Want the simple answer?
Get Lexicon Ionix FW810s (nice mic amps) and Reaper for a computer. Can't go wrong.
Thanks colbalt! I have an eleven rack and sonar and I'm great at capturing guitar sounds, but was looking for an updated interface for recording drums and vocals. The Lexicon looks wonderful!! I would love to have an analog mixer to mix after it returns back, but can I just hook up a mixer off of the lexicon and do it that way? Thanks for all your help you seem to have an answer for all my noob questions.

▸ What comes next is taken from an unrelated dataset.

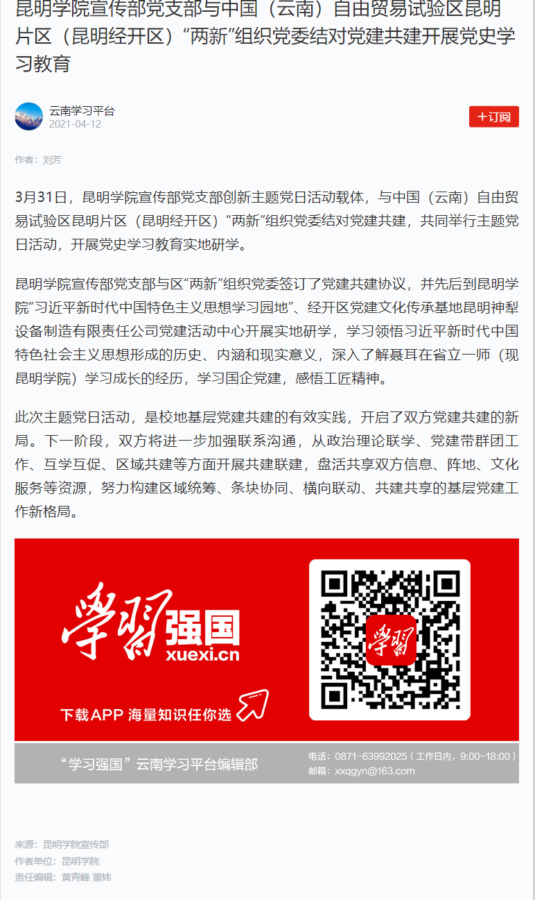 best365足球官网宣传部党支部与中国(云南)自由贸易试验区昆明片区(昆明经开区)“两新”组织党委结对党建共建开展党史学习教育

The Mackie 1620 is $899 - if you are recording drums you are going to want 16 channels - if you want something a little less expensive the Alesis Multimix 16 USB 2.0 is about $600 new on ebay, probably elsewhere too (its usb not firewire, not that it makes any difference).
I like the Mackie personally since you can record multiple tracks at once and is compatible with many systems and programs today. I still have my Mackie Onyx 1640 that I bought in 2005 and it works with Logic and Macbook Pro 2011 model. On top of that, it has analog preamps which gives you a warm sound in your recordings.